#### [RECORDED DATA]
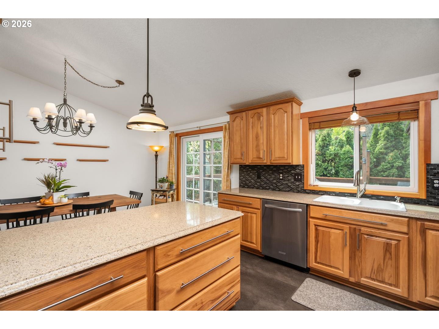 Marvelous Milwaukie split level home, move in ready. This inviting 3 bedroom residence features a bright main level living area with vaulted ceilings and a cozy fireplace, creating a warm and welcoming atmosphere.The beautifully updated kitchen showcases granite countertops, a stylish glass tile backsplash, stainless steel appliances and a gas range , perfect for everyday living and entertaining. Step outside from the dining area onto a spacious deck, ideal for outdoor gatherings or relaxing evenings.Downstairs, the versatile lower level offers a comfortable family room with durable tile flooring and added built-in shelving, ideal for a media space, playroom or home office. A well appointed laundry area with convenient half bath enhances everyday functionality.Additional highlights include a garage with a dedicated workbench and pantry space, plus an extra storage shed for your tools and gear. Major systems have been updated, including the gas furnace and AC as well as the windows, siding and the addition of some pex plumbing. A wonderful opportunity to own a lovingly maintained home with both style and function.
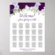Este lindo gráfico de assentos de casamento de 20 mesas apresenta um monte de rosas pintados manualmente em tons de lavanda, roxo, violeta e ameixa. O título diz "Bem-vindo! por favor, encontre sua mesa" na caligrafia de scripts antigos. Há espaço para os nomes do casal e da data do casamento. Este gráfico tem atribuições de mesa para 200 convidados - 10 pessoas por mesa.
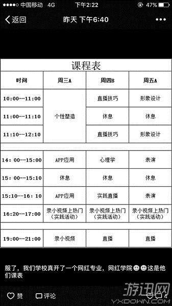 我们了解到,与重庆工程学院开设的“网红学院”培训的企业为重庆谬音文化传播有限公司。该公司成立于今年 1 月,经营范围为组织文化交流活动、承办展览服务活动、文化艺术表演策划。关于“网红学院”一事,该公司相关负责人介绍,目前与学校合作开设的定向班,培养的网红主要是为了直播、电商和短视频三个方向。除了吸收定向学校的学生之外,社会人员也可以报考与教学内容相同的培训班,培训三个月收费 3980 元。而在朋友圈内已经有人曝光了“网红学院”的课程表。
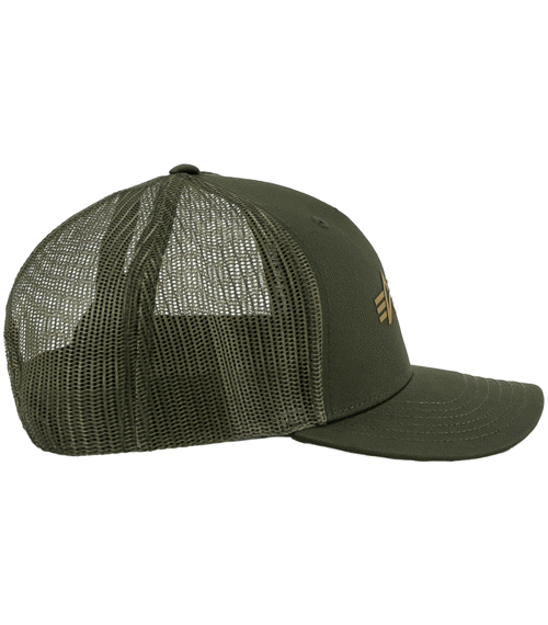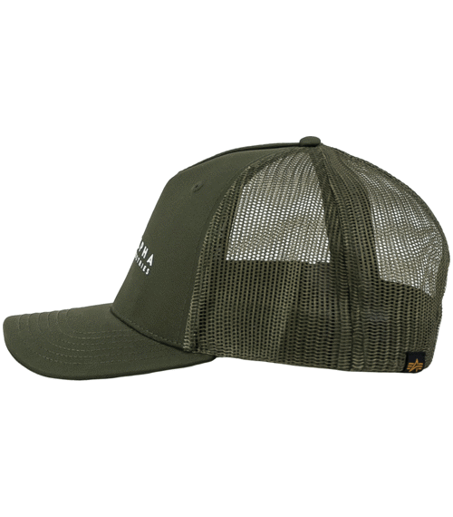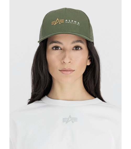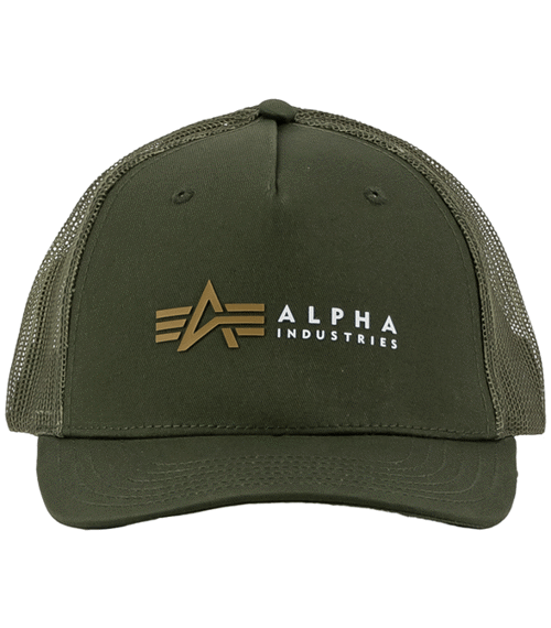 Trucker kšiltovka značky Alpha Industries s výrazným logem na přední straně. Kombinuje pevný přední panel s prodyšnou síťovanou zadní částí, která zajišťuje lepší ventilaci při nošení v teplejším období.
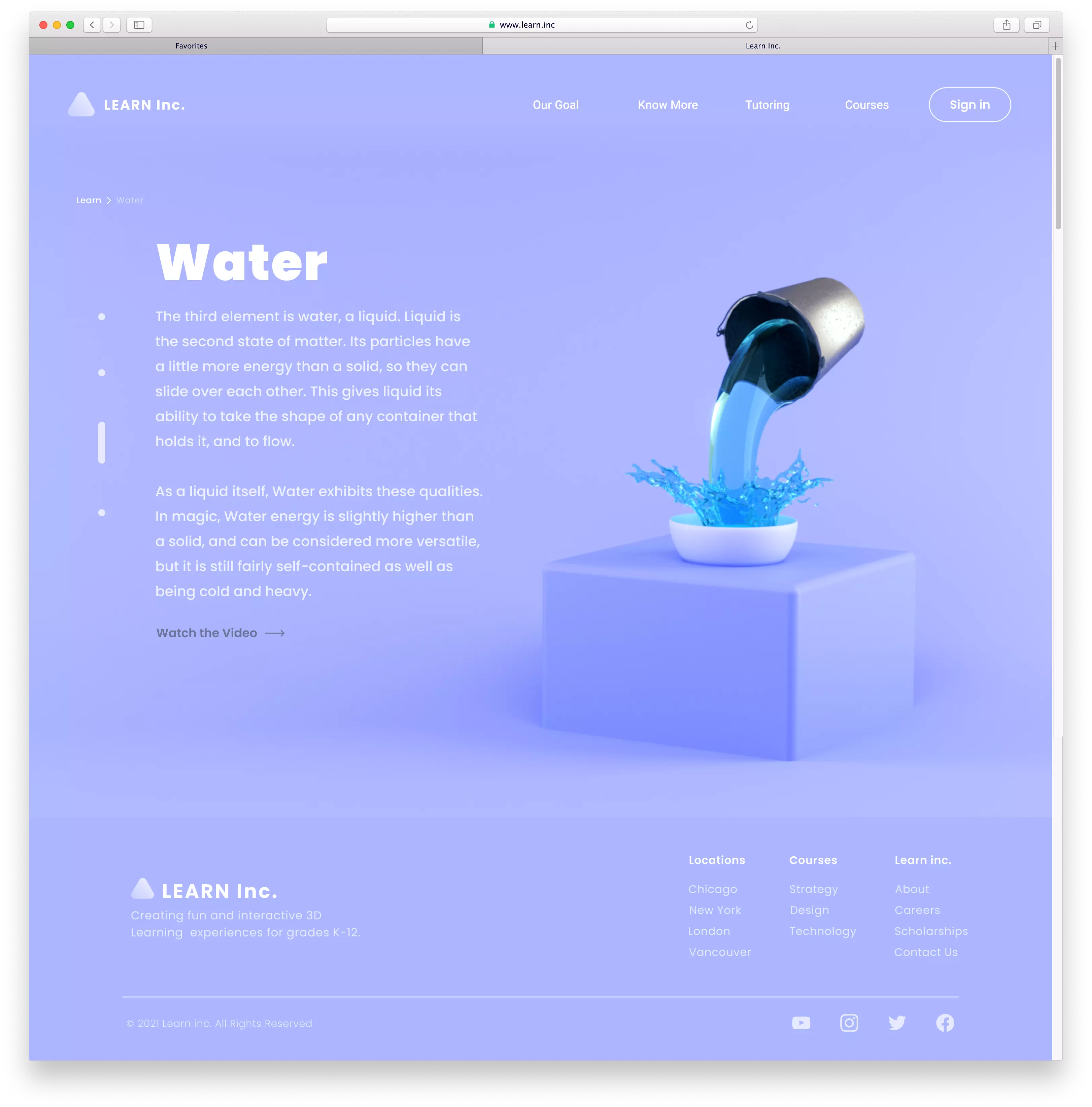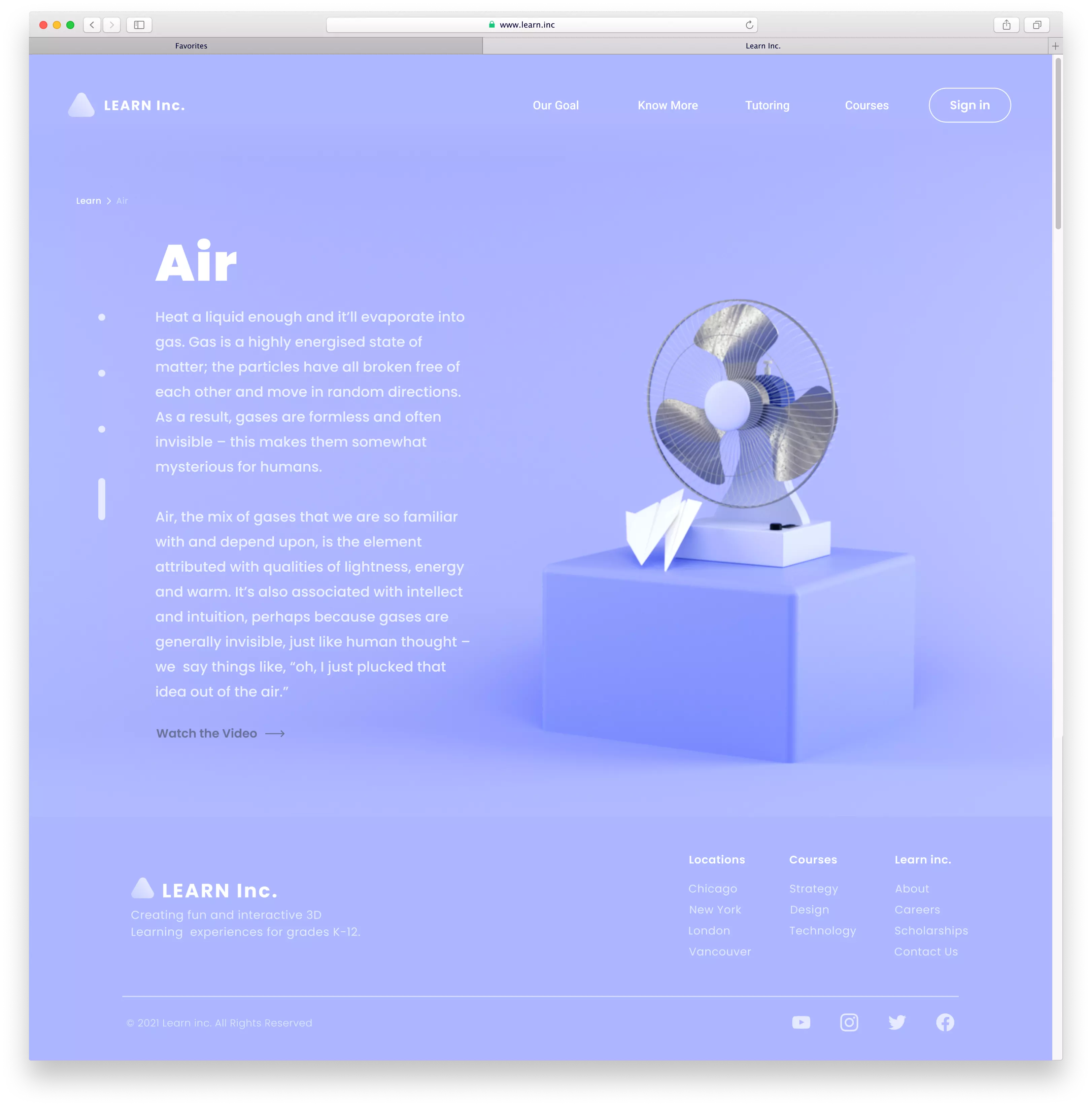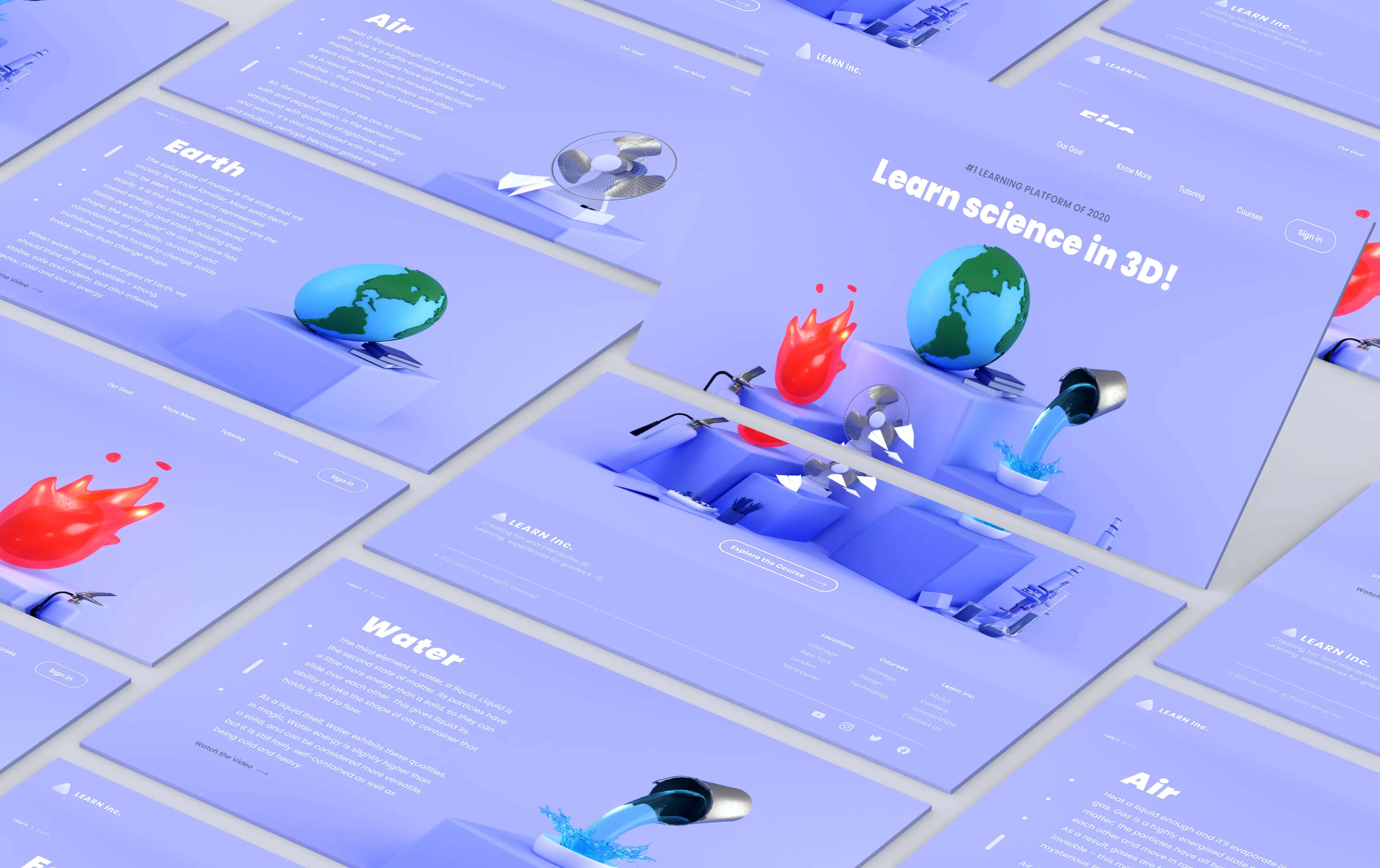For this assignment I created a 3-dimensional interactive science platform for kids. I wanted to create something that would mimic the in-person tactile experience of learning given the global climate of remote learning due to the pandemic. Using cinema4d I created a 3-dimensional scene for the homepage that features hover interactions and On-click function to explore each element further in their own scene/page.
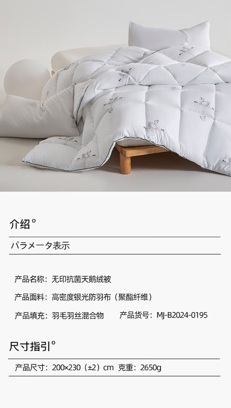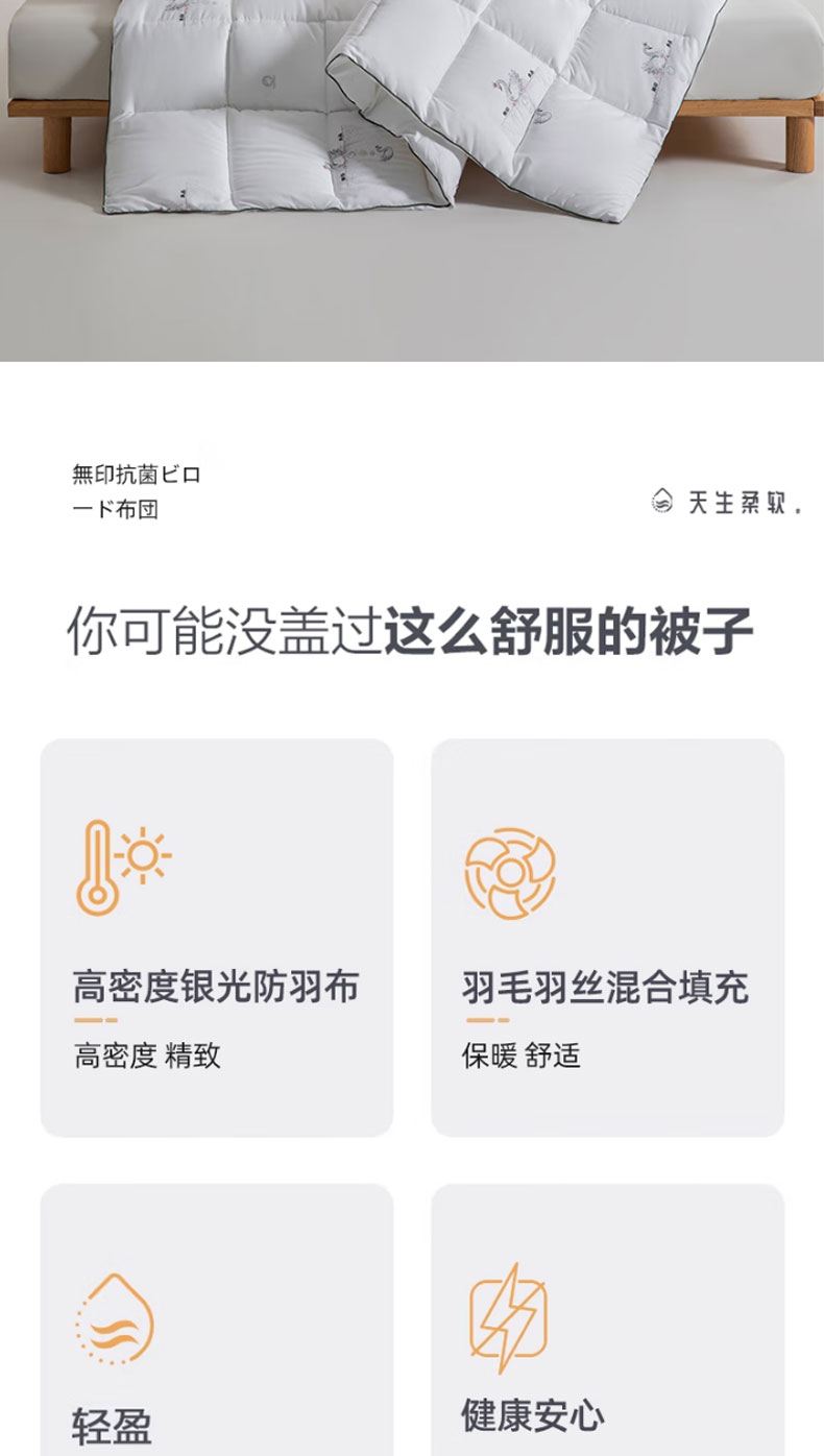 商品名称:无印良品抗菌天鹅绒被200*230cm 2650g

#### [GOAL OF THE EXERCISE]
Take the line containing "Este lindo gráfico" and every line after it up to the end of the entries, and quote them exactly. Both ends count; the pictures do not.

#### [RESULT]
Este lindo gráfico de assentos de casamento de 20 mesas apresenta um monte de rosas pintados manualmente em tons de lavanda, roxo, violeta e ameixa. O título diz "Bem-vindo! por favor, encontre sua mesa" na caligrafia de scripts antigos. Há espaço para os nomes do casal e da data do casamento. Este gráfico tem atribuições de mesa para 200 convidados - 10 pessoas por mesa.
 我们了解到,与重庆工程学院开设的“网红学院”培训的企业为重庆谬音文化传播有限公司。该公司成立于今年 1 月,经营范围为组织文化交流活动、承办展览服务活动、文化艺术表演策划。关于“网红学院”一事,该公司相关负责人介绍,目前与学校合作开设的定向班,培养的网红主要是为了直播、电商和短视频三个方向。除了吸收定向学校的学生之外,社会人员也可以报考与教学内容相同的培训班,培训三个月收费 3980 元。而在朋友圈内已经有人曝光了“网红学院”的课程表。
 Trucker kšiltovka značky Alpha Industries s výrazným logem na přední straně. Kombinuje pevný přední panel s prodyšnou síťovanou zadní částí, která zajišťuje lepší ventilaci při nošení v teplejším období.
For this assignment I created a 3-dimensional interactive science platform for kids. I wanted to create something that would mimic the in-person tactile experience of learning given the global climate of remote learning due to the pandemic. Using cinema4d I created a 3-dimensional scene for the homepage that features hover interactions and On-click function to explore each element further in their own scene/page.
 商品名称:无印良品抗菌天鹅绒被200*230cm 2650g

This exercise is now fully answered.